Section 3.3.2. Resource Management and Orchestration

Resource management in the FG-HPCC will require support for isolated allocations that span system elements and thus support for heterogenous resources models. LLNS seeks information on engagements that can enable these types of models in HPC resource management systems (e.g., Flux, SLURM, or others).

LLNS will use Flux (flux-framework.org) to allocate HPC resources and to schedule HPC jobs on future systems, and other NNSA laboratories may use SLURM and/or other systems. Flux is open source, and LLNS encourages research and collaborations that extend its capabilities to support the FG-HPCC. As Flux already supports a heterogeneous graph model for resource allocation and the Flux development team has explored integration with Kubernetes, close engagement with the Flux development team on such efforts is strongly encouraged.

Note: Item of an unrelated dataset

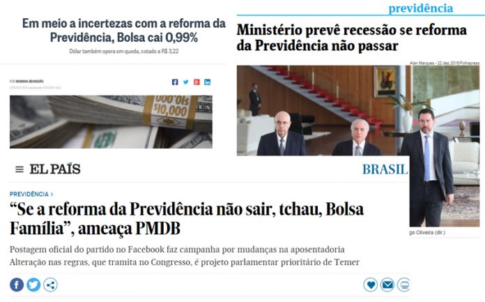 Querem convencer o povo de que, se não for aprovada, haverá um verdadeiro apocalipse no país. E para isso não economizam nas mentiras. O Ministério do Planejamento, por exemplo, está plantando na mídia um “estudo” afirmando que, caso a reforma não seja aprovada, o Brasil voltaria à recessão em 2019. Resta saber quando exatamente saímos dela. Bem, o levantamento do governo Temer afirma que esse cenário provocaria uma redução do PIB per capita (a riqueza que o país produz em um ano dividido pela população) de R$ 1.400 em 2019 e de R$ 1.800 em 2020. Chega a cogitar perda média de R$ 3.700 na renda dos brasileiros nos próximos três anos.

LLNS and the NNSA tri-labs also use Kubernetes extensively, to provision facility services and to allow users to provision their own containerized services. LLNS encourages R&D that would enable Kubernetes to use the capabilities of the FG-HPCC, either independently or in conjunction with a traditional HPC resource management system. LLNS has also developed integrations between Kubernetes and Flux to enable converged HPC/cloud workflows, and R&D that leverage the two together is also encouraged. LLNS anticipates that Flux, Kubernetes, and other higher-level resource management tools will leverage lower-level IaaS APIs to manage networks, VMs, and other low-level system resources.

Section 3.3.3. Guest Operating System

The guest operating system in the FG-HPCC is a critical component, particularly for HPC jobs. While LLNS anticipates that the FG-HPCC will use a virtualized environment, hardware support for GPUs, network fabrics, and other accelerator hardware will still need to be maintained for

guest OS kernels, and the guest operating system will need to have a Security Technical Implementation Guide (STIG) that allows it to be used in classified environments.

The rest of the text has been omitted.